Video resources
Across the social sciences, researchers are increasingly turning to text as a form of data. Yet, quantifying large volumes of text rigorously and precisely is incredibly difficult. These videos are from a workshop I gave at the Center for the Study of Adolescent Risk and Resilience at Duke University in February 2024. In the first video, I presented the results of my work on using generative pre-trained tranformers (GPTs) for automated text analysis (or "content coding"). In the second video, I show viewers how to do this themselves.
In this video, I explain the "replication crisis" and how it began. I also discuss some causes of non-replicable research and some solutions to these problems.
This video discusses the question of whether science should be value-free. I argue that it cannot be, and that scientists should therefore not strive to be "objective" in that sense. Instead, the ideal of objectivity should be understood in terms of openness, transparence, and convergence in the face of public scrutiny of ideas.
This video gives a broad overview of basic concepts from psychological science.
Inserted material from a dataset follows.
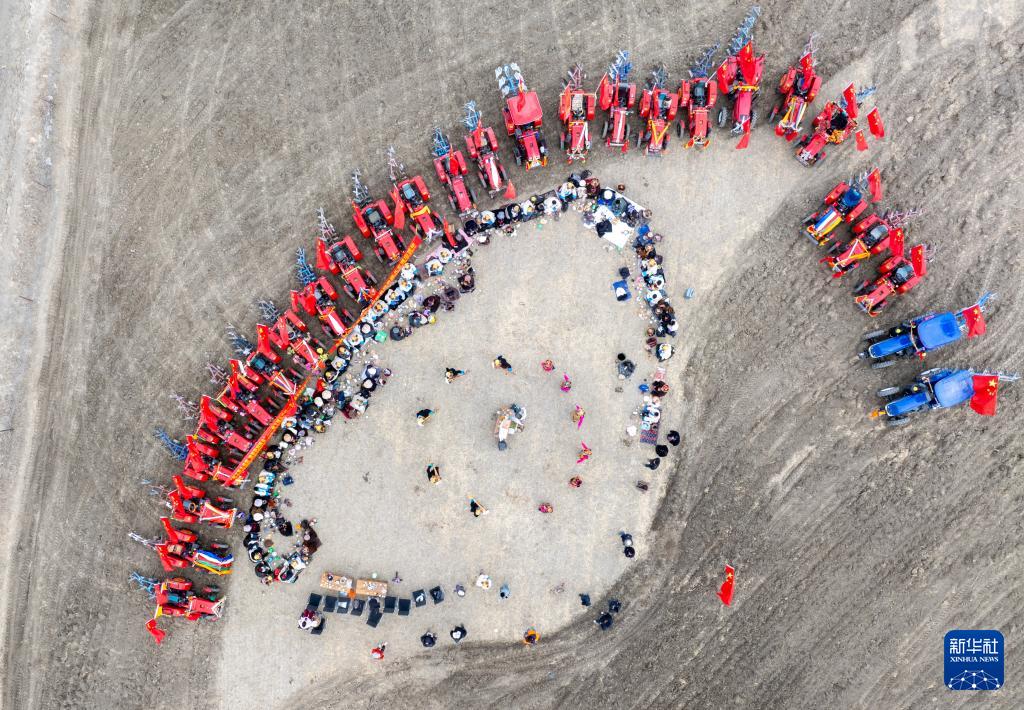 西藏拉孜县曲下镇土林村春耕典礼现场(3月16日摄,无人机照片)。新华社记者 姜帆 摄

It covers how psychologists measure things, and how they test the quality of measurement instruments. It also addresses the concepts of mediation and moderation, within-person versus between-person relationships, and "internal" versus "external" validity.
In science, p-values appear all over the place and are incredibly important. But what are they? What do they tell us? This video explains p-values using an intuitive example involving a tea party.
This video provides a simple, conceptual introduction to correlations, specifically "bivariate" correlations and confidence intervals around estimates of correlation coefficients.
This video builds on the one above, explaining how regression models allow researchers to examine the unique or independent associations between predictors and an outcome variable.